Piękne wille, piękny park, a plac zabaw biedny jak nigdzie. Tak na Sołaczu było przez lata i nie wierzyłam, że coś może się zmienić. O tym, że tak jednak się stało, powiedziała mi znajoma, mama czterolatki i sześciolatka (spotkana, gdzieżby indziej, na innym fajnym poznańskim placu). - Nie dostaniesz się nigdzie, na żadną zjeżdżalnię, jeśli nie przejdziesz po siatce. Dla tego pokolenia, które nie jest nauczone chodzenia po drzewach, to idealne rozwiązanie - zrecenzowała.
Mój syn, wdrapując się na rakietę, miał moment zawahania. Ale zakręcona rurowa zjeżdżalnia, podobno bardzo szybka, okazała się zbyt kusząca, by się wycofać. Z przyjemnością obserwowałam, jak dzieci współpracują w rakiecie. Cierpliwie czekają aż te młodsze, mniej pewne, poradzą sobie z siatkową drabinką, udzielają porad, jak pokonać drogę do zjeżdżalni, podają ręce, a przed zjazdem rurą pytają "jest tam kto?" (bo dobrze wiedzą, że zjeżdżalnia nie służy tylko do zjeżdżania, ale też do wspiniania). Oby im ta umiejętność współpracy została!

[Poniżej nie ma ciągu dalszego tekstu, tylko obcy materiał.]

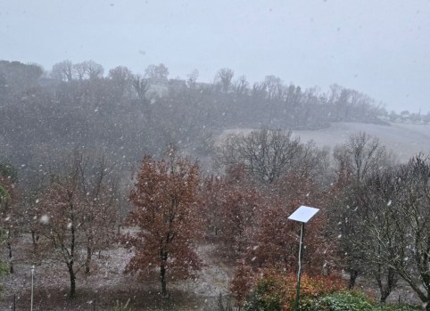 Precipitazioni nevose lungo la dorsale appenninica, con nevicate deboli in atto, fino in pianure, in valle umbra spoletina
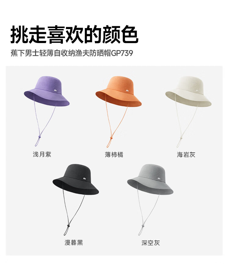 蕉下轻薄自收纳渔夫防晒帽GP739
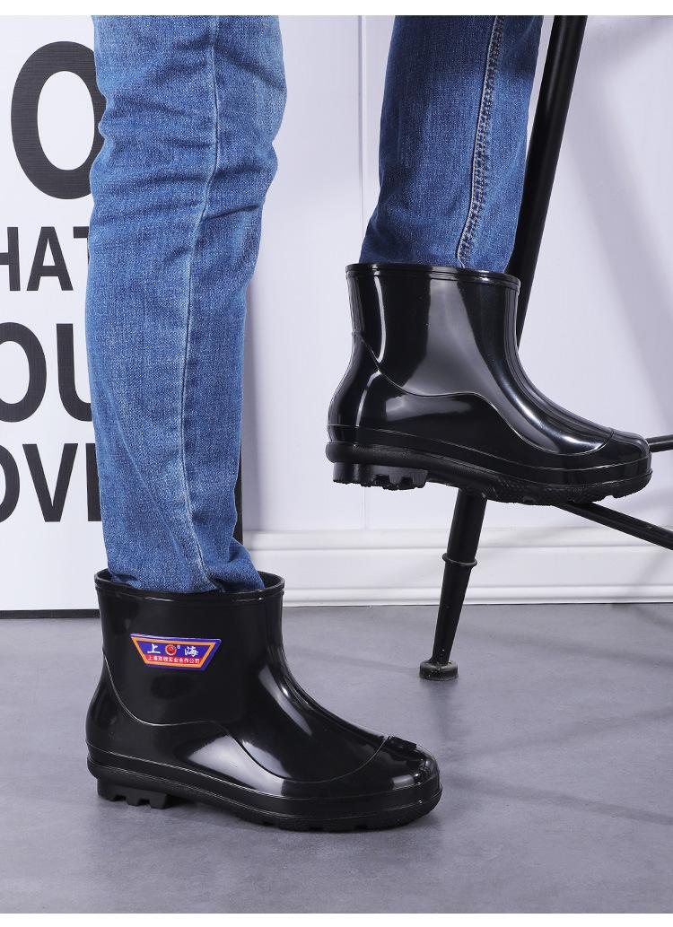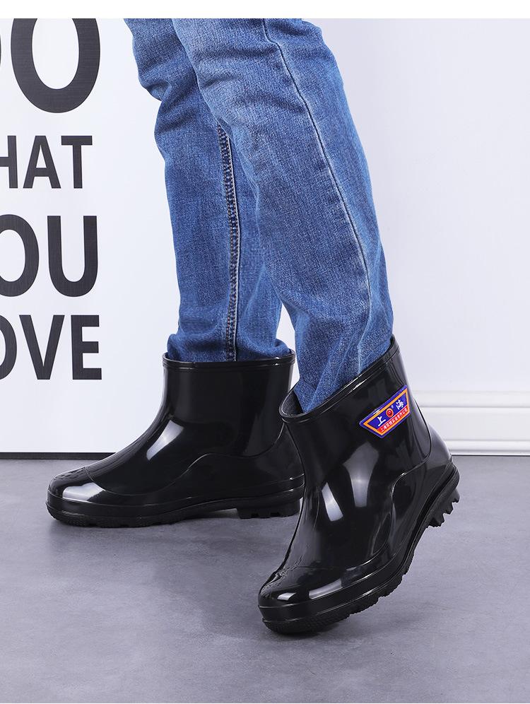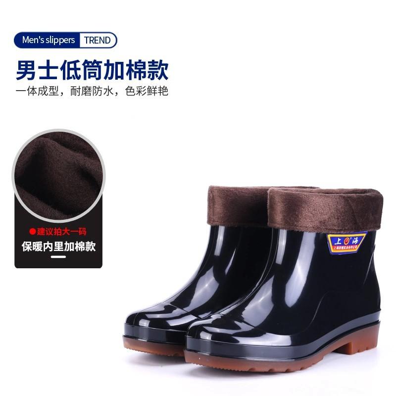 Sapatos de chuva impermeáveis de tubo curto masculinos, sapatos de chuva para canteiros de obras, sapatos de água antiderrapantes para cozinha, sapatos de primavera e outono, sapatos de borracha, botas aquáticas, sapatos quentes
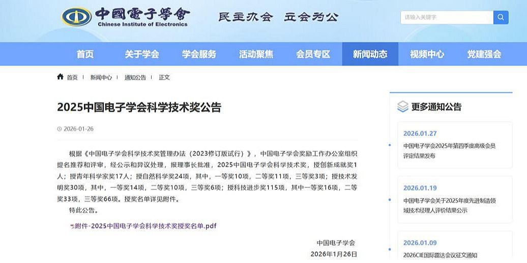 我校荣获2025中国电子学会科技进步奖

Wiem, mam słabość do tych siatkowych piramid. Pewnie dlatego, że jestem mamą jednego z adresatów. Ale młodsze dzieci też mają tu swoje zabawki. Jest sporo huśtawek, w tym pajęczyna, w której można pobujać niemowlaka. A dorosłym spodobają się ławki ze stolikami.